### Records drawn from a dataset
____________
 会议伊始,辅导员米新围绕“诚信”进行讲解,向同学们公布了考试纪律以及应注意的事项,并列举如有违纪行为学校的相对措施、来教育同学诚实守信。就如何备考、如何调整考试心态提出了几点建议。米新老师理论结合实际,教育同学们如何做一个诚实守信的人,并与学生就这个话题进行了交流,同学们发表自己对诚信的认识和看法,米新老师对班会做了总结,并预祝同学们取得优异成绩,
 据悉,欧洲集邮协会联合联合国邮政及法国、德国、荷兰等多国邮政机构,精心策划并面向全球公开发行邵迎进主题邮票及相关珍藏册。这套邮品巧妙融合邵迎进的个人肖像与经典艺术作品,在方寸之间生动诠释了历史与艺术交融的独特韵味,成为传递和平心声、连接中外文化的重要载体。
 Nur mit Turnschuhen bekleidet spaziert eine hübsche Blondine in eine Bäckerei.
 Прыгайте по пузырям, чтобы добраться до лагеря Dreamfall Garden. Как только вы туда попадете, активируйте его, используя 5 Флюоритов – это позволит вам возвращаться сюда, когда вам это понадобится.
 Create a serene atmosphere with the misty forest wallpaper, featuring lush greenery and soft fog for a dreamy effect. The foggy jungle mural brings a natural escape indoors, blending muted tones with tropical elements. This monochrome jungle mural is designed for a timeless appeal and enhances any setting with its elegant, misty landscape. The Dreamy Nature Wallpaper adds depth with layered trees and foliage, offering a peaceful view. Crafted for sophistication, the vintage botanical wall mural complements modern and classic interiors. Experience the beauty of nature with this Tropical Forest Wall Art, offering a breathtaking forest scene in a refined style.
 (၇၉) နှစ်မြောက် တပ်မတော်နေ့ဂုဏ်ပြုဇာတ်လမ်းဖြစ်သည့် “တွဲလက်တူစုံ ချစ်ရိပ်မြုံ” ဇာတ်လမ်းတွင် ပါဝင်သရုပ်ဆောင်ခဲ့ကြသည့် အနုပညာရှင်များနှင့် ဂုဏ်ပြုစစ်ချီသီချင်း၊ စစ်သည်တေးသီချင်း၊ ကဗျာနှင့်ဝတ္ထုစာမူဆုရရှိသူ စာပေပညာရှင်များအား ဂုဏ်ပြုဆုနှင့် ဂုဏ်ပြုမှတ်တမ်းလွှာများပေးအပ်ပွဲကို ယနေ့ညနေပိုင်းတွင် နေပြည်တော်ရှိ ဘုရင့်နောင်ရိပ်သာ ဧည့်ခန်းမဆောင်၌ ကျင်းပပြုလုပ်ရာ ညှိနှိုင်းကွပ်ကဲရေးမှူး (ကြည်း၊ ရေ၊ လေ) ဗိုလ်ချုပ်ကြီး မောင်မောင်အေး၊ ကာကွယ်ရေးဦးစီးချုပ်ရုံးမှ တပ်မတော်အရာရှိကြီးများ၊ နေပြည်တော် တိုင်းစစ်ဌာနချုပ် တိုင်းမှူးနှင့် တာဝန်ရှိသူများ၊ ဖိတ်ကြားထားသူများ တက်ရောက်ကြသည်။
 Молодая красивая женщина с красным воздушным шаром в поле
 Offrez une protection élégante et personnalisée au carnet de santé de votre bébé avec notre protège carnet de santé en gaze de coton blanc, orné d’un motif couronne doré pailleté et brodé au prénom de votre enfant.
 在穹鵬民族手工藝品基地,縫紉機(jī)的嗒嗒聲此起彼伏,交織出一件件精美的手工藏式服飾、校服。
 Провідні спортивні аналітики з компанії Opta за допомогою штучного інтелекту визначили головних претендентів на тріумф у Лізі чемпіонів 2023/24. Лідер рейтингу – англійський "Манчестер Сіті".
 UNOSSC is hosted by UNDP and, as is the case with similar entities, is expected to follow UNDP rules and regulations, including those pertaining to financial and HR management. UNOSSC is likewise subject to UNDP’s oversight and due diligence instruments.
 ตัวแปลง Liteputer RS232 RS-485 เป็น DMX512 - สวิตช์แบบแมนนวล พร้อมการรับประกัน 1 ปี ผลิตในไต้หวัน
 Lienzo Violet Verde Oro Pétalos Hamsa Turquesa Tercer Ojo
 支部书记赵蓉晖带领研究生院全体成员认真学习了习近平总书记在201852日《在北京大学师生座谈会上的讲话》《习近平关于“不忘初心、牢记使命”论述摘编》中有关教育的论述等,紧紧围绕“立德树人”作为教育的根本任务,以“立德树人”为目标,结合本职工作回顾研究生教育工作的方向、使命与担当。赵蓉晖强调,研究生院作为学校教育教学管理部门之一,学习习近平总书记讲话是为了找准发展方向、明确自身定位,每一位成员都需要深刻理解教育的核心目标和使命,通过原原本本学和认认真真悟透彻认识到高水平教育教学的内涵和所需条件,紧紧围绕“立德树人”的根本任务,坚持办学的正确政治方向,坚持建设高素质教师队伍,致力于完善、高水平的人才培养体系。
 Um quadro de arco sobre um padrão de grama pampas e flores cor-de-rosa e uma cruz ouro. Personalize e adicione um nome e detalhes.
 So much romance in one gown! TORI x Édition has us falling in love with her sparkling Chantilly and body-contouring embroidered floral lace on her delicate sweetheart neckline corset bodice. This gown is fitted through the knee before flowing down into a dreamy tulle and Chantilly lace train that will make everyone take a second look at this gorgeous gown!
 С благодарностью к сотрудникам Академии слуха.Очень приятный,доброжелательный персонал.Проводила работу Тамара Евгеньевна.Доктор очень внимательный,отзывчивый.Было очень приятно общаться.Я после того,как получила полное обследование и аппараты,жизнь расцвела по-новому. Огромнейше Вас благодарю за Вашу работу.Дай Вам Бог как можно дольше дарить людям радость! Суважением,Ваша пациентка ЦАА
____________
### Your assignment
Up to and including the line with "Nur mit Turnschuhen", please return the records exactly, beginning from their first line.

### Answer to the exercise
 会议伊始,辅导员米新围绕“诚信”进行讲解,向同学们公布了考试纪律以及应注意的事项,并列举如有违纪行为学校的相对措施、来教育同学诚实守信。就如何备考、如何调整考试心态提出了几点建议。米新老师理论结合实际,教育同学们如何做一个诚实守信的人,并与学生就这个话题进行了交流,同学们发表自己对诚信的认识和看法,米新老师对班会做了总结,并预祝同学们取得优异成绩,
 据悉,欧洲集邮协会联合联合国邮政及法国、德国、荷兰等多国邮政机构,精心策划并面向全球公开发行邵迎进主题邮票及相关珍藏册。这套邮品巧妙融合邵迎进的个人肖像与经典艺术作品,在方寸之间生动诠释了历史与艺术交融的独特韵味,成为传递和平心声、连接中外文化的重要载体。
 Nur mit Turnschuhen bekleidet spaziert eine hübsche Blondine in eine Bäckerei.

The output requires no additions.